Lines holding the word "snap" are the ones to copy from the data below.
Data for this task START
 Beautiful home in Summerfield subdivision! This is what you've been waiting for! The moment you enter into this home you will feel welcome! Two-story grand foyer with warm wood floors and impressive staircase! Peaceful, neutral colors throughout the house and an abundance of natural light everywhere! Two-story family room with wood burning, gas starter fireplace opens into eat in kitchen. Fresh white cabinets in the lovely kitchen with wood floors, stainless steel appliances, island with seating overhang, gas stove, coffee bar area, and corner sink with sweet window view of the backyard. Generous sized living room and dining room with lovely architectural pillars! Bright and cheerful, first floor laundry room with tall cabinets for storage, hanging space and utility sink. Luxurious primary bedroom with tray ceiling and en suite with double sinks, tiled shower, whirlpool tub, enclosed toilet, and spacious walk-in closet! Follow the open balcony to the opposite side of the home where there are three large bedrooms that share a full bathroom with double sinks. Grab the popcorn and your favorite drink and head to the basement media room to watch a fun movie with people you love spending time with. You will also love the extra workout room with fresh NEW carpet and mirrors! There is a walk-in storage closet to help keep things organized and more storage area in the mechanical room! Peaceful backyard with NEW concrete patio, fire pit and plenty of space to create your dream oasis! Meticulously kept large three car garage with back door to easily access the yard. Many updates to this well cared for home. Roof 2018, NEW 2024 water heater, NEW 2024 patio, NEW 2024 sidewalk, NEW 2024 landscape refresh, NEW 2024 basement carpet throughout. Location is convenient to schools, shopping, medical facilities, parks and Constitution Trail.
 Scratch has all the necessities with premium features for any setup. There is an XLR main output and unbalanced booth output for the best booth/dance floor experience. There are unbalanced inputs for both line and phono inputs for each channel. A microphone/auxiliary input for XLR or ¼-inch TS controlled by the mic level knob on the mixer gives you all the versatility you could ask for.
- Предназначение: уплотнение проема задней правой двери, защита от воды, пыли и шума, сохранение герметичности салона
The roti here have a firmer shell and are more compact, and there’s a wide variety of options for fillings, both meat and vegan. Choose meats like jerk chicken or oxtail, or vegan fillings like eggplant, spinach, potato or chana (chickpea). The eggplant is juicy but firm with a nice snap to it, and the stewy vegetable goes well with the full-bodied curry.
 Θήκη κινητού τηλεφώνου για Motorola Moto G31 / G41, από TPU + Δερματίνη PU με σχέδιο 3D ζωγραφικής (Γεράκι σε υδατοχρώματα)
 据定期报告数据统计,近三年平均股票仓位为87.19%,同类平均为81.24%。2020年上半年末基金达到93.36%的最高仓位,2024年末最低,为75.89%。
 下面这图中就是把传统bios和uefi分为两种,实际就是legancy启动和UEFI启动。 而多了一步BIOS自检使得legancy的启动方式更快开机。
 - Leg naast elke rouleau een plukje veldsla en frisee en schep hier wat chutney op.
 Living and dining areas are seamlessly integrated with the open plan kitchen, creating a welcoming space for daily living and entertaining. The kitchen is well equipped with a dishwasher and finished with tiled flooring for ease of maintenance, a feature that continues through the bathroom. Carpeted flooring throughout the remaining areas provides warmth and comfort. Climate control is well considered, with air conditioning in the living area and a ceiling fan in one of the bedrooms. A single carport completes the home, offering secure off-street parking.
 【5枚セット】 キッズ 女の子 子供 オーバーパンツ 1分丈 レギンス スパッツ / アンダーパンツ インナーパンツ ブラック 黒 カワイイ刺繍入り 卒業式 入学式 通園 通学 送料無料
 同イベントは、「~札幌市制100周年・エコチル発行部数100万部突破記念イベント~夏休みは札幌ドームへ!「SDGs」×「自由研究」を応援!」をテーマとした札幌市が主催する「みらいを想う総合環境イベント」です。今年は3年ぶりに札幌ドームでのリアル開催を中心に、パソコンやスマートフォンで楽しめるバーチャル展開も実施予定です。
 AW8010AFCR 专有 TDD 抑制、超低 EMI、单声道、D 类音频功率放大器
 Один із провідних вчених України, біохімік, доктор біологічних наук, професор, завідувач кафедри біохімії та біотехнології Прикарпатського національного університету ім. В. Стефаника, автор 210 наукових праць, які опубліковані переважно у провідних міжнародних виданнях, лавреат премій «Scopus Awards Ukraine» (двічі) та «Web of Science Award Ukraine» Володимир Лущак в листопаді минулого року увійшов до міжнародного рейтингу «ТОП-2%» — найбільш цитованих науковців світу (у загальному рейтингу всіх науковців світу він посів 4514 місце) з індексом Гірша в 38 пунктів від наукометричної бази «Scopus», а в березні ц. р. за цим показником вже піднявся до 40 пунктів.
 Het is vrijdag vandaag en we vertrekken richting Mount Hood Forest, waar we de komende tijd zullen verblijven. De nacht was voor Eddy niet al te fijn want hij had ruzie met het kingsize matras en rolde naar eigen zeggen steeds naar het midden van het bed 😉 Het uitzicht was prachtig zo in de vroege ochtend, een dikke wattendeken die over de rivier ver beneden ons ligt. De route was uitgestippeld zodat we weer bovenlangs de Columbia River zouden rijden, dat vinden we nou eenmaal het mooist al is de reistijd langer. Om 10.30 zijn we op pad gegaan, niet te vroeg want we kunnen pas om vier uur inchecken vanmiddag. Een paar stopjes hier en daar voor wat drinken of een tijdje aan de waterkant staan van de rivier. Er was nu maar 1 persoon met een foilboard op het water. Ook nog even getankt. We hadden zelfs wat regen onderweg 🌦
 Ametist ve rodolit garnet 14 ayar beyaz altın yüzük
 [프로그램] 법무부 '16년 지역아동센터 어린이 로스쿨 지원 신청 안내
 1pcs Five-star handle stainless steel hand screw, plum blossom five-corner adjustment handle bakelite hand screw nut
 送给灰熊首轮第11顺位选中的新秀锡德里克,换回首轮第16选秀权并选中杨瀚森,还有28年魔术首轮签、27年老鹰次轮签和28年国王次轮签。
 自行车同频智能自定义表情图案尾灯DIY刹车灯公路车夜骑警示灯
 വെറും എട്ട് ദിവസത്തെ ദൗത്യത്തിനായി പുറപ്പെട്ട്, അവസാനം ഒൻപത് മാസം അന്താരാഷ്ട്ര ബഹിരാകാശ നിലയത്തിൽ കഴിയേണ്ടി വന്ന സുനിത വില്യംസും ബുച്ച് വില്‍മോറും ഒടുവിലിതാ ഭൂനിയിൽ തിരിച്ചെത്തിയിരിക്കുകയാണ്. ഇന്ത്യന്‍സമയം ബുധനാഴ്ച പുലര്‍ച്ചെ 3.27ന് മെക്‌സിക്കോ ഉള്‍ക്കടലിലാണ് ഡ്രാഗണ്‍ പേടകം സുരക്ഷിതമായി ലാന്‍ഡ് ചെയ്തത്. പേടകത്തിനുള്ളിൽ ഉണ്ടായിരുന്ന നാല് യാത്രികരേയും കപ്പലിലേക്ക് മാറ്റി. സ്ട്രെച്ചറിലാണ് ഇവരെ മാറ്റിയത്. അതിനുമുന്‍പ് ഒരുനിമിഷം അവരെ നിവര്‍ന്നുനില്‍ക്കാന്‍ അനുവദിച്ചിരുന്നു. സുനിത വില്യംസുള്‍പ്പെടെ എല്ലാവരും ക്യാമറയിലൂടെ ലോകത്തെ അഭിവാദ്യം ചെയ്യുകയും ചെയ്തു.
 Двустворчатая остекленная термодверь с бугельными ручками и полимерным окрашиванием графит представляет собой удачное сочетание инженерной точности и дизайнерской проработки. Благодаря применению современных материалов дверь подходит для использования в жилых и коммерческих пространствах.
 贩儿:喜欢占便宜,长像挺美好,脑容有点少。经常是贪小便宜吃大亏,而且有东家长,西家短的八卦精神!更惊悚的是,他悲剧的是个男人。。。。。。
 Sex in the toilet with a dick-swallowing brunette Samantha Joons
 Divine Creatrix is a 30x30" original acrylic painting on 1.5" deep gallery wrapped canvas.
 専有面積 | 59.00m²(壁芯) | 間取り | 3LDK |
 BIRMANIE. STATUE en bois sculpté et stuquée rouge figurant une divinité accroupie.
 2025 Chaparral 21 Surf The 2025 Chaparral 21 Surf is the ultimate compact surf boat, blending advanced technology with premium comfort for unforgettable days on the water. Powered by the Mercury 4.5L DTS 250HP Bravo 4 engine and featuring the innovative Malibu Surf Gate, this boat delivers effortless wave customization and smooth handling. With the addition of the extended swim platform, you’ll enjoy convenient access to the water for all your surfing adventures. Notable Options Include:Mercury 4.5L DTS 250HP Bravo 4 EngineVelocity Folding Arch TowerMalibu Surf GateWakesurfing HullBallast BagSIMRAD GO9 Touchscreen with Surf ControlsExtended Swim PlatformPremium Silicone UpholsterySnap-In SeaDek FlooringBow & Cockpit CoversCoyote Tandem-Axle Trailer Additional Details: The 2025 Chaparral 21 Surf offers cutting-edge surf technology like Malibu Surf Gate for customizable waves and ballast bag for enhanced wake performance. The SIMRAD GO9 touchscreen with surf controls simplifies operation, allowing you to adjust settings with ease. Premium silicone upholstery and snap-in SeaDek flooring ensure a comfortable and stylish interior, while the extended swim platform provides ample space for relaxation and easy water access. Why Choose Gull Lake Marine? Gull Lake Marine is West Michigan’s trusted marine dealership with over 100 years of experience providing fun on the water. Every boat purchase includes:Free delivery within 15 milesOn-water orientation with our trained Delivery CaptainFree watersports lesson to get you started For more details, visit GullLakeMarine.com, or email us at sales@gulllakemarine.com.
Data for this task END
- [Result]:
The roti here have a firmer shell and are more compact, and there’s a wide variety of options for fillings, both meat and vegan. Choose meats like jerk chicken or oxtail, or vegan fillings like eggplant, spinach, potato or chana (chickpea). The eggplant is juicy but firm with a nice snap to it, and the stewy vegetable goes well with the full-bodied curry.
 2025 Chaparral 21 Surf The 2025 Chaparral 21 Surf is the ultimate compact surf boat, blending advanced technology with premium comfort for unforgettable days on the water. Powered by the Mercury 4.5L DTS 250HP Bravo 4 engine and featuring the innovative Malibu Surf Gate, this boat delivers effortless wave customization and smooth handling. With the addition of the extended swim platform, you’ll enjoy convenient access to the water for all your surfing adventures. Notable Options Include:Mercury 4.5L DTS 250HP Bravo 4 EngineVelocity Folding Arch TowerMalibu Surf GateWakesurfing HullBallast BagSIMRAD GO9 Touchscreen with Surf ControlsExtended Swim PlatformPremium Silicone UpholsterySnap-In SeaDek FlooringBow & Cockpit CoversCoyote Tandem-Axle Trailer Additional Details: The 2025 Chaparral 21 Surf offers cutting-edge surf technology like Malibu Surf Gate for customizable waves and ballast bag for enhanced wake performance. The SIMRAD GO9 touchscreen with surf controls simplifies operation, allowing you to adjust settings with ease. Premium silicone upholstery and snap-in SeaDek flooring ensure a comfortable and stylish interior, while the extended swim platform provides ample space for relaxation and easy water access. Why Choose Gull Lake Marine? Gull Lake Marine is West Michigan’s trusted marine dealership with over 100 years of experience providing fun on the water. Every boat purchase includes:Free delivery within 15 milesOn-water orientation with our trained Delivery CaptainFree watersports lesson to get you started For more details, visit GullLakeMarine.com, or email us at sales@gulllakemarine.com.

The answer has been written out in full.